Why didn't he just ask for a charger?  Or go to the apple store and steal one?  It's empty.

There were a zillion other things he could have done.

Why was he asleep in the first place?  You're telling me that the storm happened while he was sleeping with no advance notice?

And the payoff wasn't great either.  

This could be good, but, it needs work and the logic needs to be fixed.

Good job on entering.  It was not an easy challenge.

Dan
Posted by: AnthonyCawood, March 21st, 2018, 7:17pm; Reply: 6
For me none of the characters acted in a realistic way for the situation and some of the plot devices aren't plausible. E.g. a passport is usually used to allow you to make international travel, I've never heard of one that allows only domestic travel!  
Posted by: Warren, March 21st, 2018, 7:30pm; Reply: 7

I’m on page one and my first question is if it’s the end of the world why is CNN still broadcasting? Surely they would be with their families.


Quoted Text
SECURITY 2
We know what's happening. But our
families are far away from this
place. We might as well die doing
our jobs.


Said no one ever.


Quoted Text
JADEN
Yes. I was the one who stole your
bike in third grade. I really
wanted it, stole it and later
destroyed it out of guilt.
Please... please Jaden! Please
forgive me!


It’s the end of the world, I feel like your stakes need to be much, much higher.

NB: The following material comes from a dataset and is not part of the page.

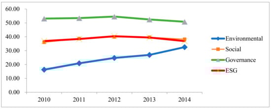 This section examines the pattern and financial characteristics of CRS disclosure scores, such as ESG, environmental, social, and governance disclosure scores. Figure 1 shows the pattern of CSR disclosure scores by year. Environmental disclosure scores (Environmental) increased gradually from 2010 to 2014. More specifically, environmental disclosure scores dramatically increased in 2013. In recent years, there has been considerable attention paid to the importance of environmental CSR by academics and practitioners [5]. This recent development of environmental CSR is highlighted by a survey of 766 CEOs conducted by Accenture and the United Nations Global Compact (UNGC). In the survey, about 93% of the CEOs rated sustainability as a critical factor for their future business success, and 91% responded that their company will adopt new technologies to tackle issues associated with sustainability [61]. In particular, the environmental responsibility (e.g., the reduction in CO2 emissions) in Korea is an important component in implementing CSR activities. Likewise, governance disclosure scores (Governance) are highest among other CSR disclosure scores; they increased by 2012 and then decreased gradually. As such, social disclosure scores (Social) increase gradually, and they have decreased since 2012. Taken together, ESG disclosure scores gradually increased between 2010 and 2012, and then declined.
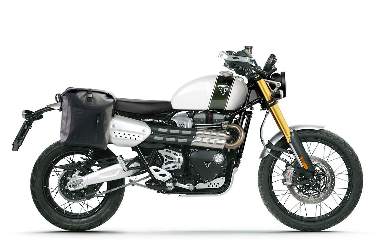 Diseñado sobre el cuadro Triumph, se integra perfectamente con el resto de la bicicleta. Listo para acomodar nuestro sistema de fijación rápida, hermoso y minimalista incluso cuando la bolsa no está montada. Se puede utilizar cómodamente con el pasajero a bordo.

This doesn’t work for me on any level. It’s all very unrealistic. The newsreader, the guards, the call, the caller’s reaction.
Posted by: khamanna, March 22nd, 2018, 8:46am; Reply: 8
Ok, I really enjoyed it. Very nice. And great ending.

The writing is a bit messy. I thought some of the dialog was a bit on the nose - like the guard's speech about their families being away.
"confess to you" I think.

I even wanted to say that a non-native wrote it. I enjoy saying this as people often say it to me and this is a way to give back.
ok, kidding.

But this could use another rewrite. Especially the fight scene.
How's that he knocked out all the guards and they really took time to come to their senses?

But it's still a fun one. And something I enjoyed. You added comedy - nice.

Posted by: MartinS, March 24th, 2018, 6:40pm; Reply: 9
Thank you to everyone who commented! This is my first competition here and I got some very helpful feedback and saw some great work.

The main challenge here was figuring out what someone would be doing at an airport when the world is about to end. Where would someone fly to?

I definitely know I need to work on my dialogue more. This is not the first script I hear that the lines are too 'on-the-nose'. It definitely validates that issue and it's something I know for sure I need to work on a bit more in the future.



Quoted from khamanna


I even wanted to say that a non-native wrote it. I enjoy saying this as people often say it to me and this is a way to give back.
ok, kidding.


How is that a criticism though? Non-natives write some of the best scripts out there. Guillermo del Toro is a non-native. Iñárritu is a non-native. Roman Polanski is a non-native. (Though he had other issues, aside from writing).
Posted by: HyperMatt, December 11th, 2018, 6:44pm; Reply: 10
I know this is posted some time ago Martin, but I’ve wanted to have a look at this for a while as  you’ve looked at a few of mine. I agree with a lot of what has been said, but think these are relatively easy fixes for a 5 page script.
Basically the story itself is ideally suited to make as a short. One location, a nearly deserted airport. I liked the phone all with Leo, and the twist.
The asking for quarters from the fallen security guards was funny, but maybe out of place, I myself though did like that abrupt ending.

Some typos remain, I think this is definitely salvageable and you should have another go at it.